New ConnectWise CEO sends message to market at IT Nation Explore event

CEOs typically give messaging around their vision and high-level strategy at major customer and partner events, but for new ConnectWise CEO, at his first Explore since replacing long-time leader Arnie Bellini, this task was especially important.

ConnectWise CEO Jason Magee onstage

ORLANDO – Jason Magee, who was promoted to the ConnectWise CEO three months ago, with longtime company leader Arnie Bellini moving to a senior advisor position, took the stage at the company’s Explore partner conference here with a clear plan to emphasize continuity in strategy despite the change at the top and ConnectWise’s purchase in February by private equity firm Thoma Bravo.

Magee showed the 1370 attendees at the keynote a slide indicating the current ConnectWise leadership and their average tenure of seven years in leadership roles with the company. That did not include Bellini, still on the roster as a senior advisor, whose long service would have moved the number by himself. Magee himself is on the upper end of that continuum, with eight years at ConnectWise, most recently as the COO.

“It is the same names and the same faces that got us here today,” he emphasized. “It’s the team that will continue to get us to where we will be for the next ten years. With ConnectWise, it’s all about the team. With some other companies the faces and names are more likely to change, and that is not the case here. There will be continuity.”

Since taking the CEO role in March, the strategy has been a straightforward one. “The plan for the first 90 days was to make sure that the company leaders and colleagues would remain focused, and not go off track,” Magee said. “The second part was to execute on our four pillars of strategy, including starting to establish ConnectWise in the cybersecurity space, which we have done. The final component we are working on has been the ‘what’s next’ part. That will be made public around the time of our IT Nation Connect event in October or November.

The four pillars of strategy was also company strategy under Bellini, and Magee structured his keynote around them. The four pillars are: customer success; the as-a- service platform, the ecosystem and cybersecurity. None of these is new, and all should be familiar to regular attendees of ConnectWise events

The emphasis attached to customer success emphasis has been stepped up, however, with the ability to implement it having been made more proactive with some organizational changes, including the move of Craig Fulton to the newly created position of Chief Customer Officer.

“We are implementing a customer success focus throughout ConnectWise, Magee said in his keynote.
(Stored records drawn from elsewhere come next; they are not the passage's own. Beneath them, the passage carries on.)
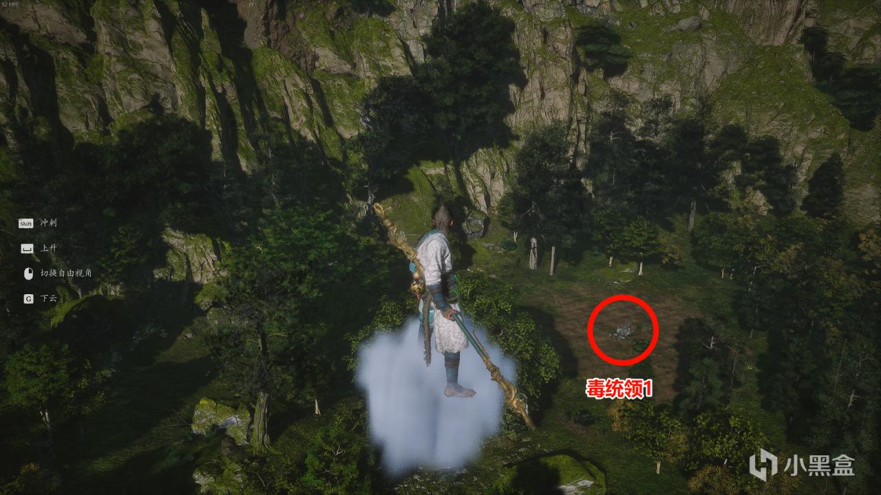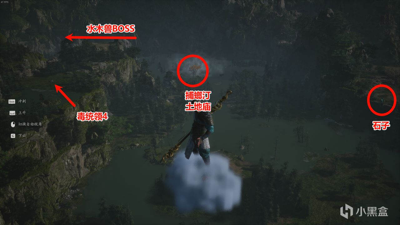 飛到山谷中間位置,看向左山谷,如下圖。正前方黃葉巨樹就是捕螂汀土地廟,右邊能看到發光石頭人石子,左邊箭頭指向的高地中央是最後一個毒統領4。飛過捕螂汀左轉盡頭的水池裏還有個水木獸BOSS。
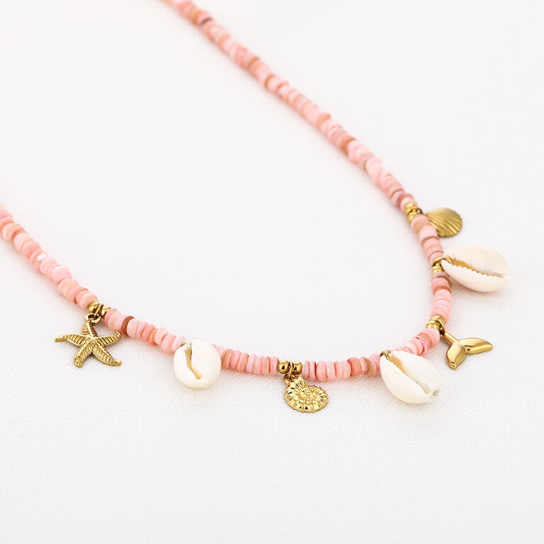 Deze ketting is van schelpenkralen en heeft stainless steel afwerkingen
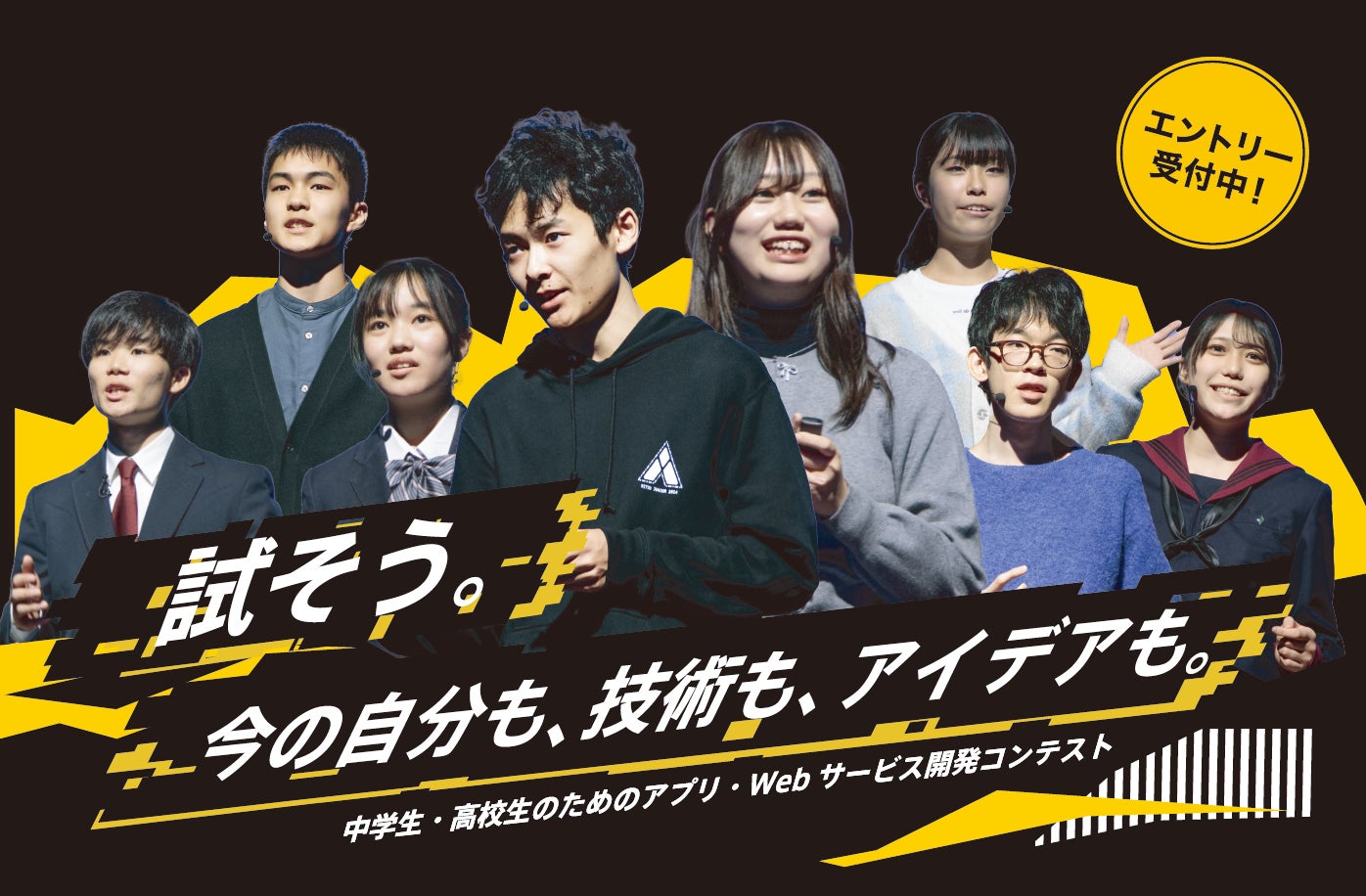 アプリ甲子園は、「試そう。今の自分も技術も、アイデアも。」をテーマに、次世代を担う若手クリエーターの発掘と健全な育成支援を目的として、2011年よりスタートした、「将来世代」である中高生向けのアプリ・サービス開発コンテストです。全国の小中高生が開発した、iPhone®やAndroid™端末に対応するスマートフォン向けアプリや、Webブラウザ上で動作するアプリを広く募集いたします。昨年から新設した、AIをコア機能としたアプリ・サービスで企画力と技術力を競う「AI開発部門」、企画力と技術力を競う「一般開発部門」、協賛企業からの課題を受け、テクノロジーの力を使って解決できるアイデアで競う「アイデア部門」の3部門にて開催いたします。
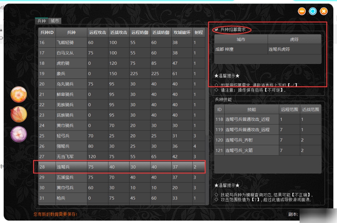 第一步:在可选特性列表中,搜索连弩,找到连弩特性,右键单击添加到城市特性列表中.
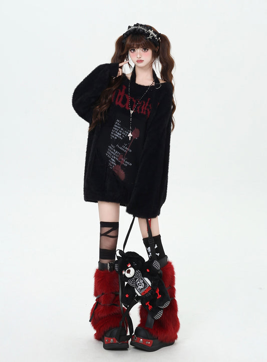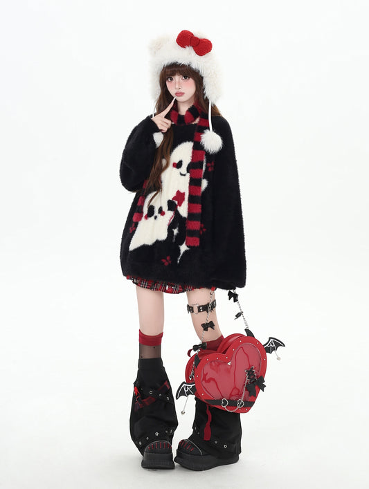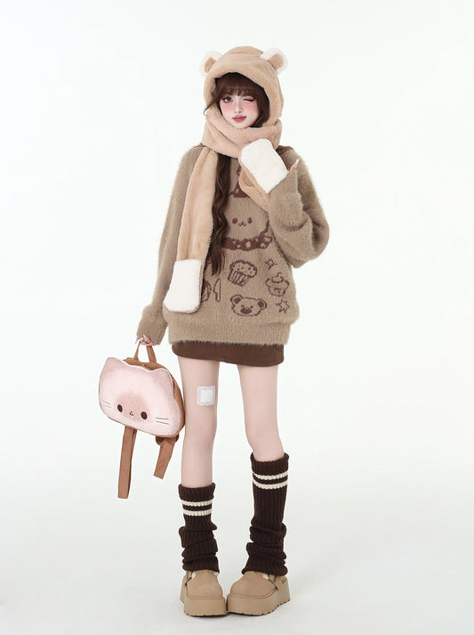 可愛いクマ刺繍フード付きフェイクミンクゆったりニット

Magee also emphasized the stability of ConnectWise’s commitment to the as-a-service platform.

“We will continue to invest in it, enhance it, build upon it, firm it up – based on things you ask us to do,” he said. “We are also working with Thoma Bravo to make additional investments in platform, products and people.”

While ConnectWise has made acquisitions, most recently the Sienna Group late last year, it has been less aggressive there than its competitors have been in the recent past, with Datto, SolarWinds and especially Kaseya buying up specialty solution vendors left and right.

“There’s a balance between acquisitions and organic development,” he said. “The  great thing with Thoma Bravo is that we can make investments in both directions. We are marketing sure that with our as-a-Service platform and our current products that we can make investments to benefit our partners. We will be making additional internal investments, to help our partners as well as prospects looking to make a transition or add a component of managed services to their solution provider business.

Magee noted an irony in a number of the companies that had been purchased by competitors.

“These were companies who built their business on ConnectWise and IT Nation, which makes their acquisition more intriguing,” he said. He also noted the relationship of the flurry of independent companies disappearing to ConnectWise’s third pillar, the emphasis on their ecosystem.

“We still see the ecosystem flourishing and thriving,” he said. “We have talked about this for the last few years. We are the leaders in the connected ecosystem. We do not want to do it all by ourselves. ‘Buy it all from us’ is not our approach, We will double down with vendors who want to do things responsibly, and we will  continue to do it in an automated frictionless fashion for everyone. We will continue to make it easer to do business with us.”

Having the financial muscle of Thoma Bravo behind them does give them more muscle though as far as acquisitions go.

“There will be points in time to look at some of these companies that were built upon our platform, and that’s when we will take a look at something,” Magee indicated. “There is always lots of innovation. A company like IT Glue innovated in the documentation space. Another company like Liongard solved a gap in that same space. There are things that we have identified as important, and we go through an internal process to determine whether we should build, buy or partner. The difference with Thoma Bravo is that it gives us the capability to do more to get speed to market, like our competitors.”

Magee emphasized in concluding that his core message was simple.

“For our partners, whether they are the ones here at Explore today, or those who are not, for prospective partners, and potential MSPs, ConnectWise is still that partner who is dedicated and committed to their success. We will continue to focus on eliminating their siloes of chaos so they can survive and thrive in this on- demand world.”